═══ Material for this task

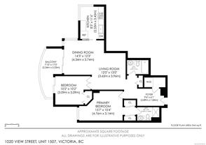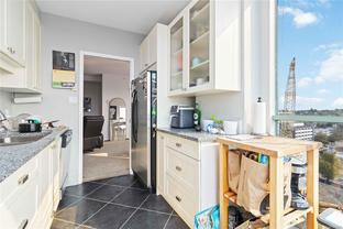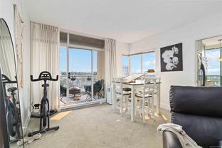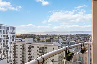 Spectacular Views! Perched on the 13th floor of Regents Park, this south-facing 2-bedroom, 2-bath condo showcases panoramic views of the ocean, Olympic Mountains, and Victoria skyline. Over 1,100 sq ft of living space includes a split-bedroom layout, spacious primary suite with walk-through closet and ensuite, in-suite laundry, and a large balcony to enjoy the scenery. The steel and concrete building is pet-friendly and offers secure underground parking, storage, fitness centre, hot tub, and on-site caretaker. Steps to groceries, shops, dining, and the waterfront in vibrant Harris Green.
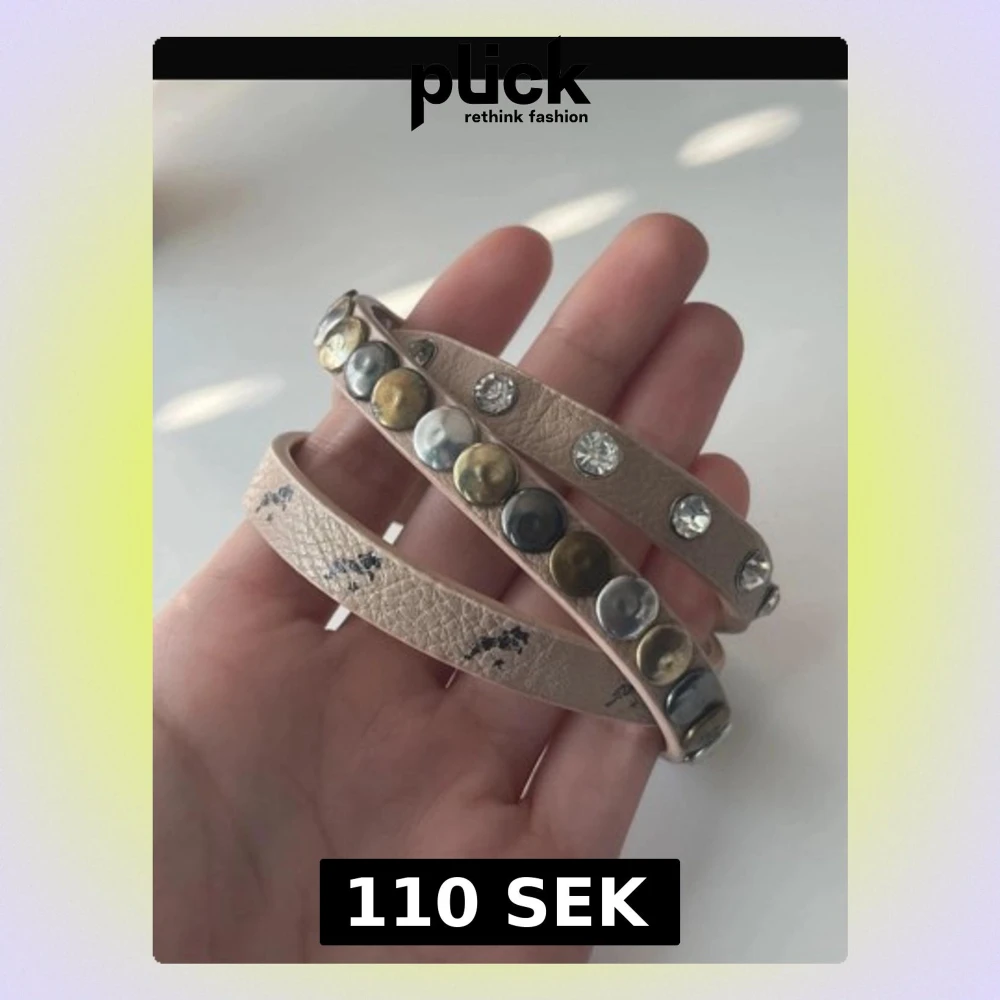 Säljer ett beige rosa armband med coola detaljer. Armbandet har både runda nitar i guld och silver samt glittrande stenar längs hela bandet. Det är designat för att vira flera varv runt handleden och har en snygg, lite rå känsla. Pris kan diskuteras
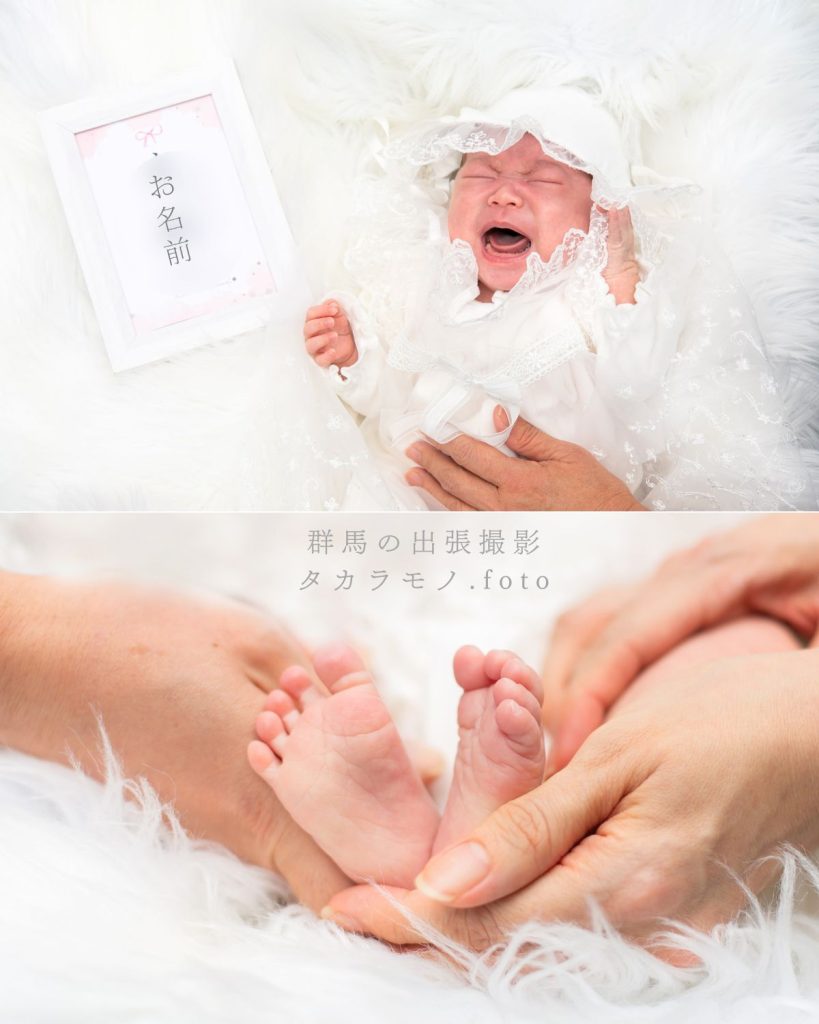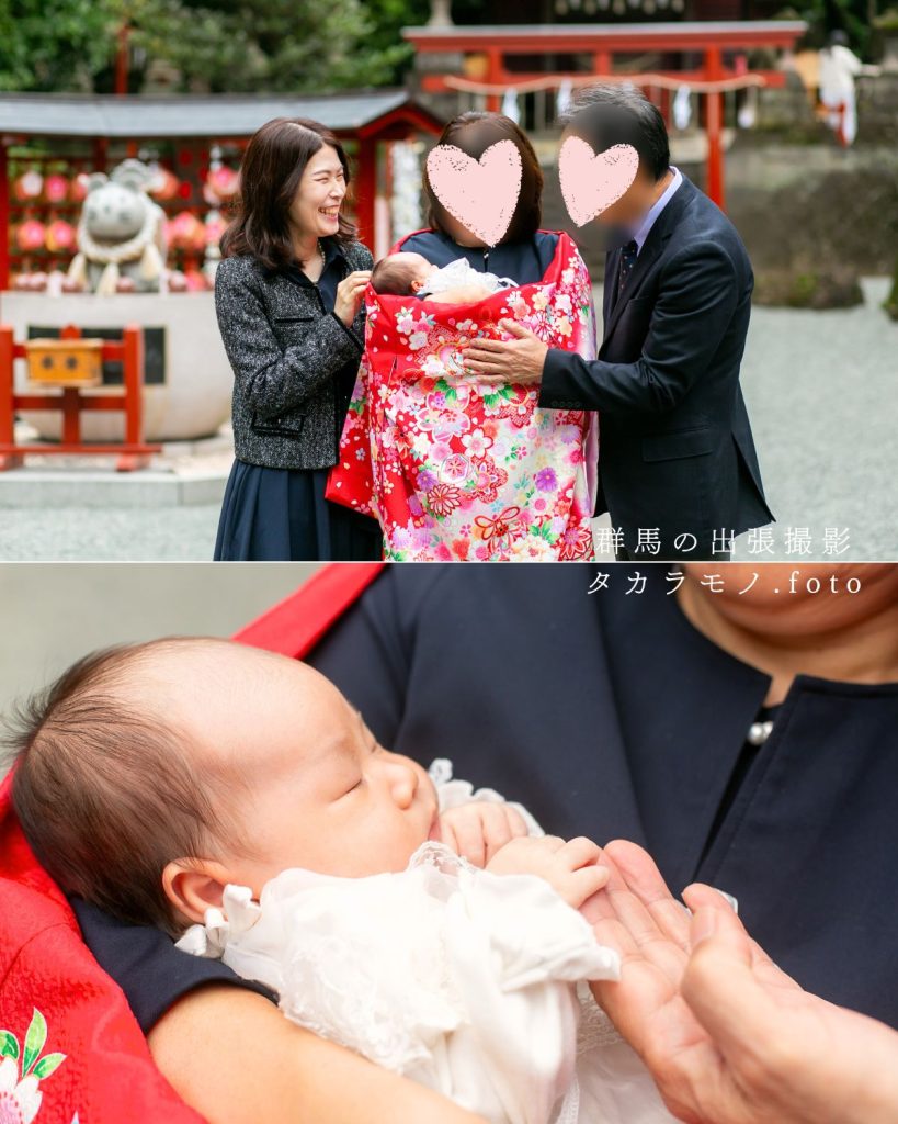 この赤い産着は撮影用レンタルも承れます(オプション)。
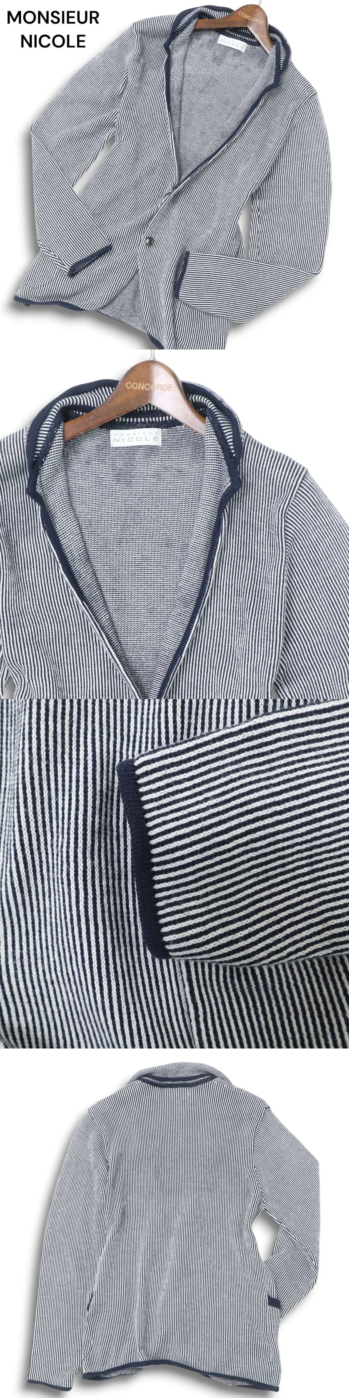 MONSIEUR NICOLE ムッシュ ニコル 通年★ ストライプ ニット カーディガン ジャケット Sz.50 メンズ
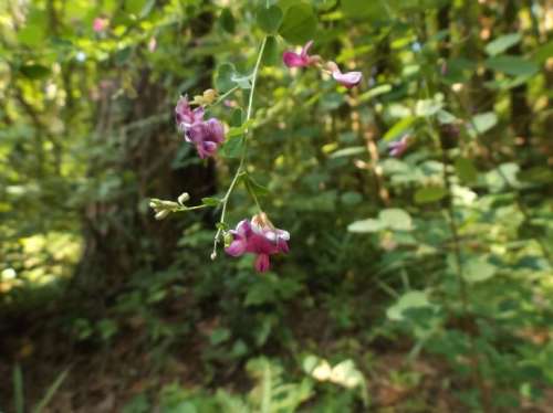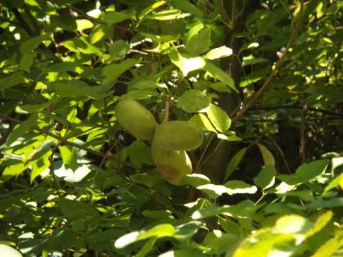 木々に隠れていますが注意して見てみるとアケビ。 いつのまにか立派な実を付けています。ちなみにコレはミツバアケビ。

══════

# Aim of the task
Excluding pictures, copy exactly the lines from the line containing "この赤い産着は撮影用レンタルも承れます(オプション)。" through the last line of the data, inclusive.

# Solution to the exercise
 この赤い産着は撮影用レンタルも承れます(オプション)。
 MONSIEUR NICOLE ムッシュ ニコル 通年★ ストライプ ニット カーディガン ジャケット Sz.50 メンズ
 木々に隠れていますが注意して見てみるとアケビ。 いつのまにか立派な実を付けています。ちなみにコレはミツバアケビ。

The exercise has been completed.